* **Problem description**
Every line below from the one containing "私の周りには、Apple信者" through the one containing "本网讯(通讯员 毛艳)9月1" is to be printed exactly, with the pictures omitted.

* **Exercise data**
=== Section Start ===

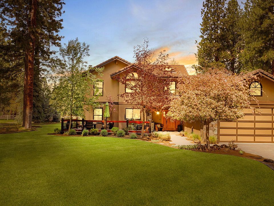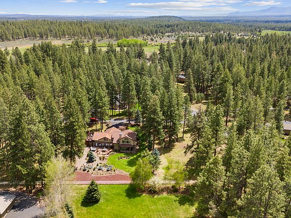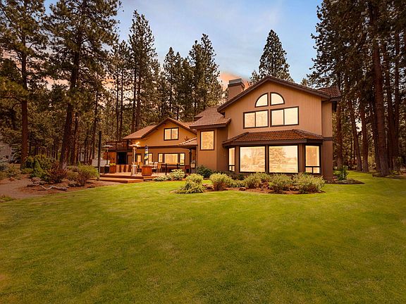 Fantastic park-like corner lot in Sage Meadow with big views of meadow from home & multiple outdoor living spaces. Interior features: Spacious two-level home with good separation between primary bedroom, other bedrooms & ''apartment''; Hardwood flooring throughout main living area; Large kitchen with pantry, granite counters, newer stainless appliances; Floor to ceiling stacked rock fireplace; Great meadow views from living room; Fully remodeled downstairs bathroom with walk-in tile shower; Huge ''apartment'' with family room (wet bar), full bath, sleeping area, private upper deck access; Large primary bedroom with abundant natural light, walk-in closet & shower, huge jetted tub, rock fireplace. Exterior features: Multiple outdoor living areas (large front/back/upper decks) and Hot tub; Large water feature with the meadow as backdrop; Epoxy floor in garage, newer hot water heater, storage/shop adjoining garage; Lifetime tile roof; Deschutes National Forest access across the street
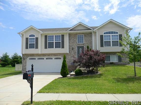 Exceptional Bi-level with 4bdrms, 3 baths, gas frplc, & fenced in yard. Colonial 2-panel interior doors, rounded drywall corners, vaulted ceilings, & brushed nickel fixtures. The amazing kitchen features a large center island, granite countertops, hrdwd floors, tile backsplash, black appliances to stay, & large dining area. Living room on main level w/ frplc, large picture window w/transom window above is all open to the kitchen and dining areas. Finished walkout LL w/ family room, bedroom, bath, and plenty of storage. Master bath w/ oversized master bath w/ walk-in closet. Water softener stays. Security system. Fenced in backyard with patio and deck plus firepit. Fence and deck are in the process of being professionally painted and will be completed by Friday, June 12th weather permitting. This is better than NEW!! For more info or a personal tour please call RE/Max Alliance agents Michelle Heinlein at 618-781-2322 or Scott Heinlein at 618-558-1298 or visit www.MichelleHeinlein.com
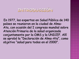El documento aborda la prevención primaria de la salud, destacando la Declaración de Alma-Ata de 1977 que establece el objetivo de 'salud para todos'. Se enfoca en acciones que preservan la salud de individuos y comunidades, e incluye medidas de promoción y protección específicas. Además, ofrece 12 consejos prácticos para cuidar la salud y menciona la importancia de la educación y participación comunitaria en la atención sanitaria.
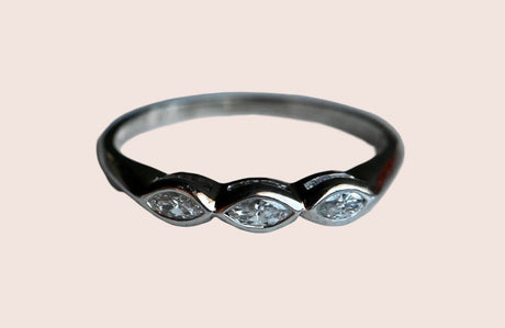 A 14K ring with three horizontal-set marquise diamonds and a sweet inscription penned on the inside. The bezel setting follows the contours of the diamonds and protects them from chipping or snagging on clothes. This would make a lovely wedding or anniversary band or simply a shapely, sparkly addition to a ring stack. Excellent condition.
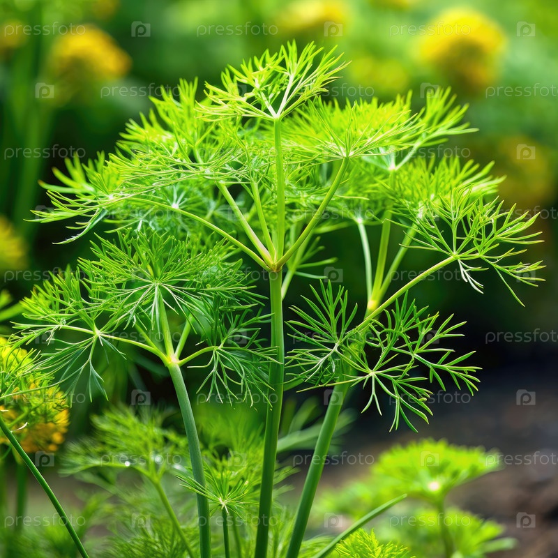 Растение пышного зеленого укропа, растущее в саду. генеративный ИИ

=== Section End ===
=== Section Start ===

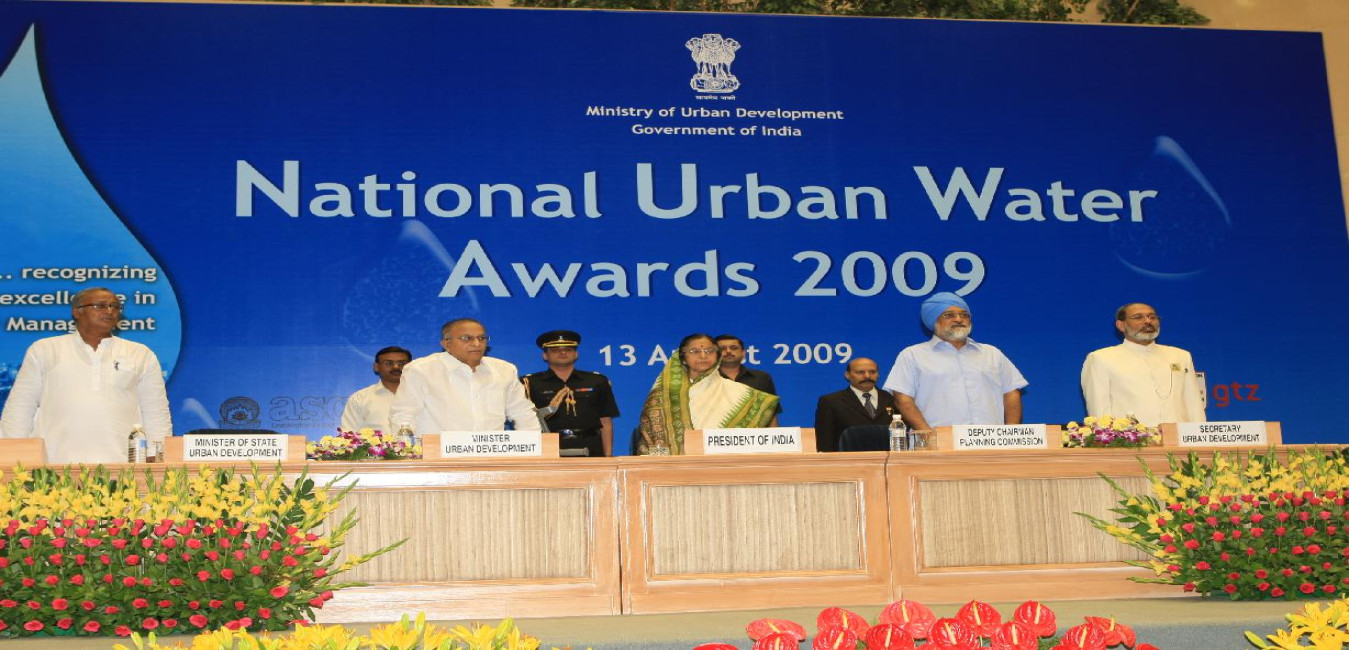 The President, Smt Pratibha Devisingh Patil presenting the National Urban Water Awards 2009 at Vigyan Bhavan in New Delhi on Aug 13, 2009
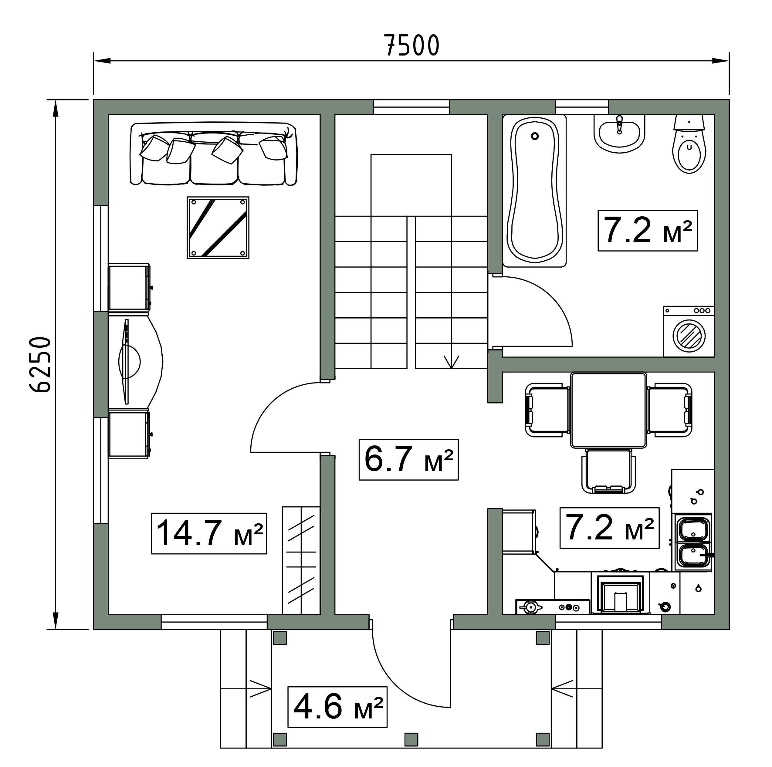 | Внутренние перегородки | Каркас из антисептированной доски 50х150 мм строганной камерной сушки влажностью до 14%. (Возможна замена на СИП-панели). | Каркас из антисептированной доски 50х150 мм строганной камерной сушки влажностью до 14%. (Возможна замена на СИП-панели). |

=== Section End ===
=== Section Start ===

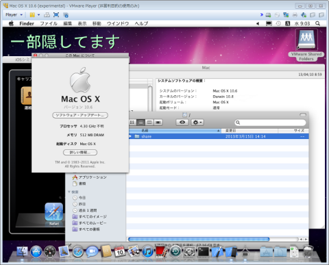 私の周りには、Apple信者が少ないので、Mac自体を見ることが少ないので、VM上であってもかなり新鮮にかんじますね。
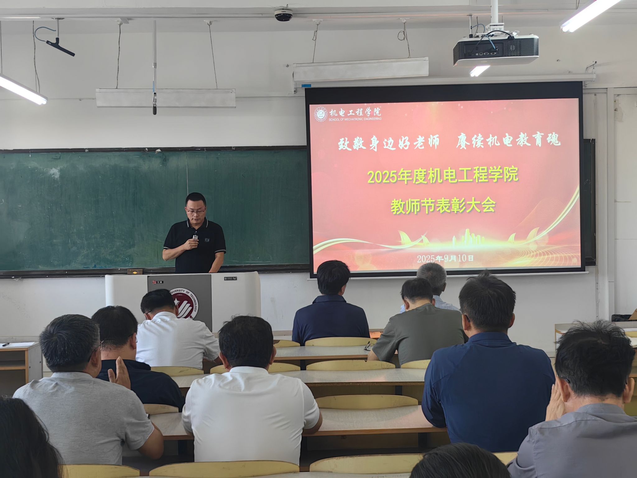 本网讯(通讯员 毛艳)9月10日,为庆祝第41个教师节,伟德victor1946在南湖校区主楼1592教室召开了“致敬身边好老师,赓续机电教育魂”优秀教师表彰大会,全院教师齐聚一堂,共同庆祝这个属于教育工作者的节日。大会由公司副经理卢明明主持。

=== Section End ===

* **Task output**
 私の周りには、Apple信者が少ないので、Mac自体を見ることが少ないので、VM上であってもかなり新鮮にかんじますね。
 本网讯(通讯员 毛艳)9月10日,为庆祝第41个教师节,伟德victor1946在南湖校区主楼1592教室召开了“致敬身边好老师,赓续机电教育魂”优秀教师表彰大会,全院教师齐聚一堂,共同庆祝这个属于教育工作者的节日。大会由公司副经理卢明明主持。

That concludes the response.